Уже была создана теория относительности, уже все стало понятным, уже эфир был выброшен «в ту мусорную кучу, где давно гнили флогистон, теплород, horror vacui»[52], как четко сформулировал один из ученых начала XX столетия, а экспериментаторы снова и снова проверяли результат Майкельсона. И трудно сказать, в каком году и в какой именно день подобная инспекция перестала представлять научный интерес.

Всегда наступает какой-то момент, когда совершенно законное вначале критическое, недоверчивое отношение к новой теории переходит в закостенелый консерватизм. Но когда именно он наступает, сказать трудно. Во всяком случае, теория относительности «вышла чистой» после такого «перекрестного допроса с пристрастием», после стольких вызовов к судейскому столу эксперимента, что можно быть уверенным в ее абсолютной «порядочности».

Теперь остановимся и посмотрим, что, собственно, сделано.

Попытаемся подвести черту.
Мы очень поверхностно проследили развитие теории эфира и убедились, что после опыта Майкельсона — точнее, после второй работы Майкельсона и Морлея (1887 г.) — необходимо какое-то существеннейшее изменение этой теории.

Какое именно, мы не знаем. Причем, хотя мы и зашли в тупик с гипотезой эфира, мы успели убедиться, что многие факты эта гипотеза объясняет очень хорошо и наглядно. Если вы «привыкли» к эфиру, если вы почувствовали некоторую симпатию к этой гипотезе — возможно, станет яснее, почему уничтожение эфира означало революцию в физике.

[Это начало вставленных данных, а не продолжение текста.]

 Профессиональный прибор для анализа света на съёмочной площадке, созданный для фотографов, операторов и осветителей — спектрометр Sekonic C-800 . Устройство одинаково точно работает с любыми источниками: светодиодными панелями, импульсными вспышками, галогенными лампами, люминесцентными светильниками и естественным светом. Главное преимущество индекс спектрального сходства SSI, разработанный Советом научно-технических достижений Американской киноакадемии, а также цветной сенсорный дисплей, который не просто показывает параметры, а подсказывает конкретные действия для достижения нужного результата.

С нашей точки зрения гипотеза эфира — некоей загадочной субстанции — представляет только исторический интерес. Но, представив, почему был дорог эфир для физиков, мы лучше поймем, что сделал Эйнштейн.

Теорию относительности можно разбирать, совершенно не касаясь эфира. Возможно, тогда даже легче усвоить постулаты Эйнштейна. Но было бы очень жаль утерять перспективу. В самом начале книги говорилось, что постулаты Эйнштейна очень просты. Разрешите теперь взять эти слова назад.

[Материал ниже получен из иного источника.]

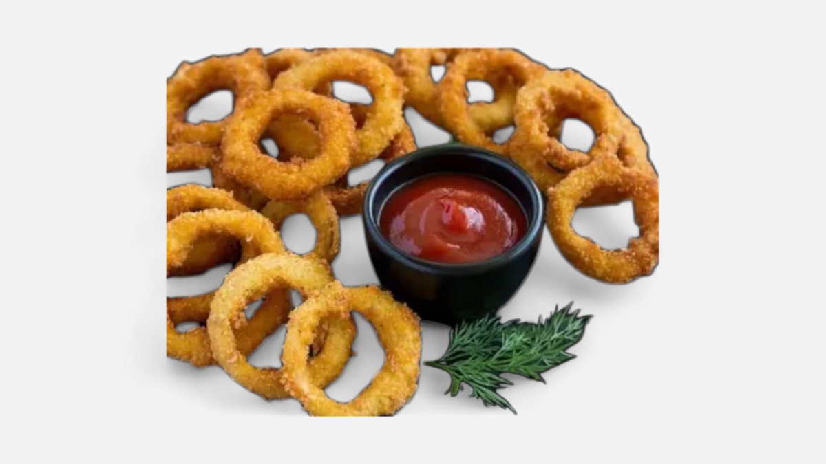 Zlatavé, křupavé cibulové kroužky, dokonale smažené, ideální jako svačina.

Снова несколько слов о самом Эйнштейне.
Теория Эйнштейна очень стройна, изящна по своей структуре.

Постулаты Эйнштейна, пожалуй, значительно естественней и сформулированы намного более четко и строго, чем вся классическая физика.

Все эффекты, все существующие эксперименты теория Эйнштейна объясняет совершенно непринужденно.

Наконец, теория относительности непосредственно использует только опытные факты и в этом смысле непосредственно вытекает из опыта.

Но при всем этом для меня лично остается абсолютной загадкой, как двадцатипятилетний юноша Альберт Эйнштейн пришел к своей теории.

Пожалуй, малоубедительно соображение, что после работы Майкельсона теория относительности оставалась единственным выходом.

Было очень много возможностей исправления теории эфира. Их использовали, добивались известных успехов.

Лоренц, например, пытался объяснить опыт Майкельсона, сохранив эфир, сохранив почти все основы классической физики.

Ритц построил теорию, в которой эфир, правда, отбрасывался, но зато сохранялась неизменной классическая механика.

С точки зрения своей эпохи Эйнштейн пошел самым невероятным путем.

И создание теории относительности, пожалуй, в первую очередь обусловлено теми непостижимыми качествами ее автора, которые можно называть, можно объяснять, но нельзя воспринять.

И мне кажется, что среди многих бессмысленных занятий почетное место занимают попытки проанализировать в деталях механику мышления гения. Что касается мнения самого Эйнштейна, то он обычно объяснял, что думал над этими вопросами примерно десять лет. Точные слова Эйнштейна приведены в следующей главе; причем хотелось бы обратить внимание на ту замечательную наивность, с которой Эйнштейн пишет: «Интуитивно мне казалось ясным с самого начала…»

Покончим с эфиром. Вот резюме Майкельсона, которое довольно верно отражает состояние проблемы непосредственно перед созданием теории относительности:

Здесь Майкельсон цитирует, вероятно, самого остроумного физика в истории науки лорда Кельвина (Томпсона).
«Ряд не зависящих друг от друга рассуждений приводит нас к заключению, что среда, в которой распространяются световые волны, не представляет обычной формы вещества.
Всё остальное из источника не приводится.